Wednesday 10 September 2008

ISLAM IN KERALA-HISTORIC FEATURES



ISLAMThere had been much trade and commerce between India and Arabia even before the time of Prophet Muhammad. Unlike the Jews and Christians, the Arabs settled down primarily on the West Coast, which indicates that they arrived in large numbers only in the eighth and ninth centuries.

The first Muslim merchant who visited Kerala was Sulaiman in 851 A.D. As trade between Kerala and the Muslim countries increased, many Arab Muslims came to Kerala and settled down on the Malabar Coast where the Zamorin of Calicut welcomed them. He encouraged them to marry with the local women and serve on his armed forces. Mention must be made here o-f the legend that the last of the Chera emperors, the Cheraman Perumal, became a convert to Islam and went on a pilgrimage to Mecca. There is among the Malabar Muslims a tradition about a devout Arab Muslim, Ibn Dinar. He was like Apostle Thomas before him. He came to Kerala to spread Islam; he established the first mosque in Cranganore; afterwards he built mosques in Quilon, Madayi, Kasargod, Srikantapuram, Dharmapattanam, and Chaliyam.

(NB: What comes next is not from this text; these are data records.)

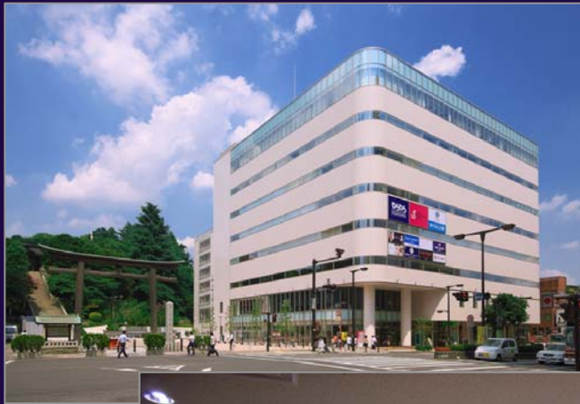
うつのみや 表参道スクエア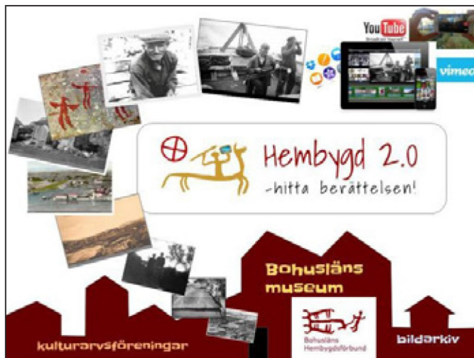
Bildcollage av Ingrid Lindberg

Berättelser bevingas och Samhället berättar 2.0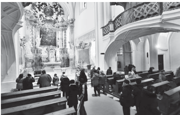
Bazilika Panny Marie ve Žďáře

vítr, snad všichni se jí zúčastnili, i ti se zdravotním omezením.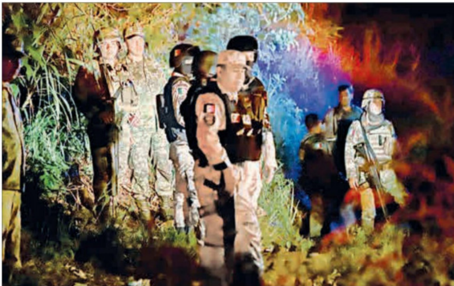
◀ El percance ocurrió la noche del martes en el tramo que va de Ocozacoautla, Chiapas, a Las Choapas, Veracruz. Los heridos, de Guatemala, El Salvador y Cuba, fueron llevados a Tuxtla Gutiérrez. Una migrante señaló que la unidad volcó porque el conductor intentó huir de la Guardia Nacional.

“Plantearé a Biden regularizar flujos de trabajadores; hay que poner alto a polleros”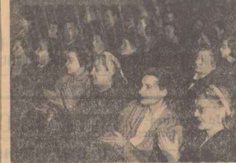
În cinstea zilei de 8 Martie, sfatul popular al raionului „I. Ma” din Capitală a organizat duminică 3 martie la Teatrul Satiric Muzical „C. Tănase”...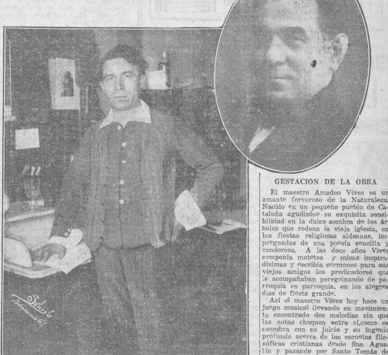
GESTACION DE LA OBRA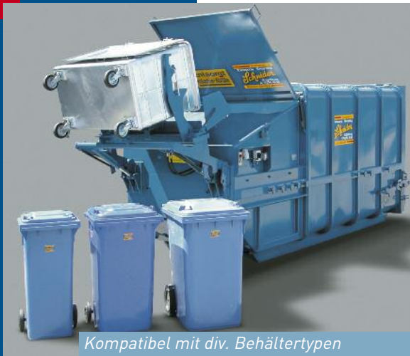
Kompatibel mit div. Behältertypen

Der Presscontainer wird am Aufstellungsort mittels Elektrokabel (siehe technische Angaben) angeschlossen. Durch den entsprechenden Wahlschalter an der Bedienungstafel oder der Fernbedienung wird die Presseinrichtung gestartet. Der Pressvorgang läuft automatisch ab.

The travelogue of Ibn Battuta who visited Kerala between 1342 and 1347 gives detailed information on Muslims in different parts of Kerala. His journey from Calicut to Quilon lasted 10 days. He writes: "At all the halting places ... there are houses belonging to Muslims at which Muslim travellers stop and buy food and other provisions. Muslims are the most highly honored people." During the fifteenth, sixteenth, and seventeenth centuries Muslims flourished economically and numerically. Many untouchables were attracted to Islam. At one point (twelfth century) the Muslims even had their own rulers; the Arakkal royal family of the All Raja; he was the son of a wealthy Arab and a princess of the Kolathiri royal house. One of his descendants, Azi Raja (master of the sea) conquered in 1183-84 some of the Maldive Islands for the Kolathiri Raja.

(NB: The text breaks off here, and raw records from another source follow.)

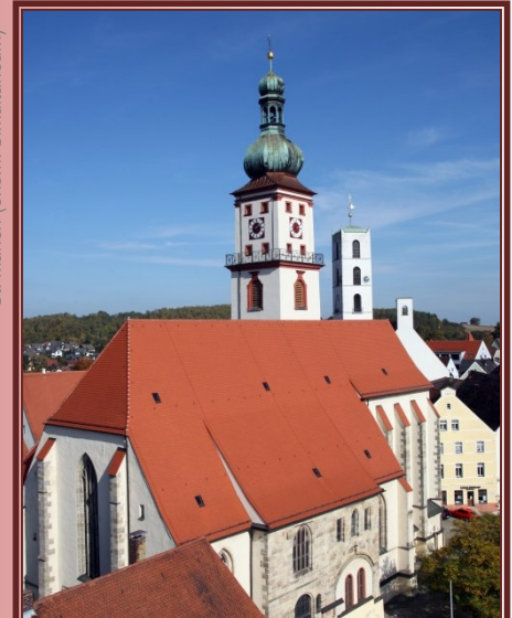
St. Marien (ehem. Simultaneum)

Katholische Erwachsenenbildung im Bistum Regensburg e.V. Spindlhofstr. 23 93128 Regenstauf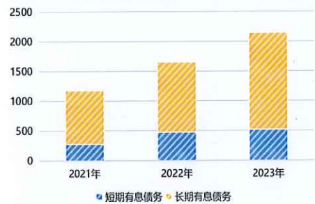
公司全部债务结构 (单位: 亿元)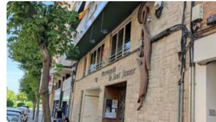
Una parròquia de Lleida no pot pagar la llum i demana ajuda per evitar tancar l'església DM, 7/09/2021 | SEGRE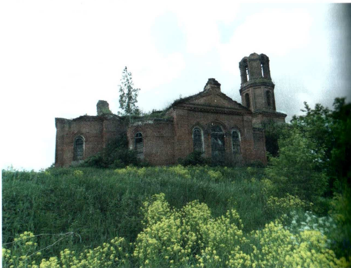
2012 г. Церковь Космы и Дамиана

В силу своей работы часто приходится ездить по селам своего района. Больше всего меня впечатлила заброшенная церковь с. Озерки. Стоит старинная красавица, свидетельница былых времен, теперь с грустью взирающая своими пустыми глазницами на село. Церковь Космы и Дамиана построена приблизительно 1870 - 1915 гг. взамен устаревшей. Местные жители рассказывали, что где то в густых зарослях есть надгробие. Но мы его так и не смогли найти, все очень сильно заросло. Самое удивительное сохранились двери и на них висит пудовый замок, окна заколочены. Это говорит о том что за ней еще кто-то присматривает, и спасает от вандалов.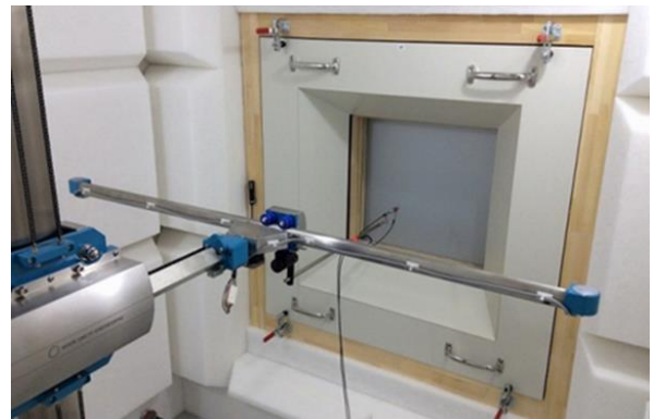
図 3 ランダム入射音響透過損失測定の様子

During the Mysorean invasions of Tipu Sultan (1782-1792), many Keralites willy-nilly became Muslims. Many Nairs and high-caste Hindus were seized and forcibly converted to Islam. The Mysore Sultan Tipu is the reason why there are so many Muslim Mappilas in the districts of Cannanore, Tellicherry, Calicut, and Malappuram. The Mysorean invasions and Muslim conversions deeply affected the old caste-controlled social order of Malabar. It shattered the myth of the social superiority of the Brahmins and the Nairs and improved the self-image of the lower classes.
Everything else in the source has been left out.